— Material for this task —
————

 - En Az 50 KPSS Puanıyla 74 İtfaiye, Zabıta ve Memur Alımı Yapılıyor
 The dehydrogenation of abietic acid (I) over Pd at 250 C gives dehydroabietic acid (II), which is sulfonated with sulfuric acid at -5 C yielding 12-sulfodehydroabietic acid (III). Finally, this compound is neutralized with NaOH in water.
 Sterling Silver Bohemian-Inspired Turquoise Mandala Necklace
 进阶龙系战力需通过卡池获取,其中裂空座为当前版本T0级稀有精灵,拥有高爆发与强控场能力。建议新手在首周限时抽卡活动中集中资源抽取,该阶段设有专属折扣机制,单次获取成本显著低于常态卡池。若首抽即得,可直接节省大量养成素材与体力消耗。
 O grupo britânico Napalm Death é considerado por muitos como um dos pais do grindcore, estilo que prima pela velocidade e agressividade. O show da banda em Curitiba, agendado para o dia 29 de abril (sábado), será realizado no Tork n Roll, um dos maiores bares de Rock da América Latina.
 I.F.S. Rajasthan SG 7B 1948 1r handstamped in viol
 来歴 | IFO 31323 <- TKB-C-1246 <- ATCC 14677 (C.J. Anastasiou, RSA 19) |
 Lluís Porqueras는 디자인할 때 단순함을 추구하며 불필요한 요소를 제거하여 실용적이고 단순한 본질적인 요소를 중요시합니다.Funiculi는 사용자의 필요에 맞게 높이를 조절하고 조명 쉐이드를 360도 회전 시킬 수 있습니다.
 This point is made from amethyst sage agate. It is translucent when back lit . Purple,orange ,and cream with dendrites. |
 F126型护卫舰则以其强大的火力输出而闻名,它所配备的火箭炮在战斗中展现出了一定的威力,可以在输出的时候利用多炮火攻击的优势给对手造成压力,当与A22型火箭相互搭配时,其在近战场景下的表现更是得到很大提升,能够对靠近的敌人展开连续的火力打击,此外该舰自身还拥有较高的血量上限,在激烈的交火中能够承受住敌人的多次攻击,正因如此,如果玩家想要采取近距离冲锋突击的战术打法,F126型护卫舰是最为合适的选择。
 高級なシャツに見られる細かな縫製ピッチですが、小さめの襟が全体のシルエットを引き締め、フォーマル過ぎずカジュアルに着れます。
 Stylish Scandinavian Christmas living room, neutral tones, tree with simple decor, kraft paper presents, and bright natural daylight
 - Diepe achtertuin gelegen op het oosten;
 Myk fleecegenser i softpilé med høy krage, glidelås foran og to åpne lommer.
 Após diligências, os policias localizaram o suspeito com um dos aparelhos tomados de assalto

————

Using the data above, transcribe the lines that run from the line with "Sterling Silver Bohemian-Inspired" to the line with "This point is", both ends kept, and output nothing else.

 Sterling Silver Bohemian-Inspired Turquoise Mandala Necklace
 进阶龙系战力需通过卡池获取,其中裂空座为当前版本T0级稀有精灵,拥有高爆发与强控场能力。建议新手在首周限时抽卡活动中集中资源抽取,该阶段设有专属折扣机制,单次获取成本显著低于常态卡池。若首抽即得,可直接节省大量养成素材与体力消耗。
 O grupo britânico Napalm Death é considerado por muitos como um dos pais do grindcore, estilo que prima pela velocidade e agressividade. O show da banda em Curitiba, agendado para o dia 29 de abril (sábado), será realizado no Tork n Roll, um dos maiores bares de Rock da América Latina.
 I.F.S. Rajasthan SG 7B 1948 1r handstamped in viol
 来歴 | IFO 31323 <- TKB-C-1246 <- ATCC 14677 (C.J. Anastasiou, RSA 19) |
 Lluís Porqueras는 디자인할 때 단순함을 추구하며 불필요한 요소를 제거하여 실용적이고 단순한 본질적인 요소를 중요시합니다.Funiculi는 사용자의 필요에 맞게 높이를 조절하고 조명 쉐이드를 360도 회전 시킬 수 있습니다.
 This point is made from amethyst sage agate. It is translucent when back lit . Purple,orange ,and cream with dendrites. |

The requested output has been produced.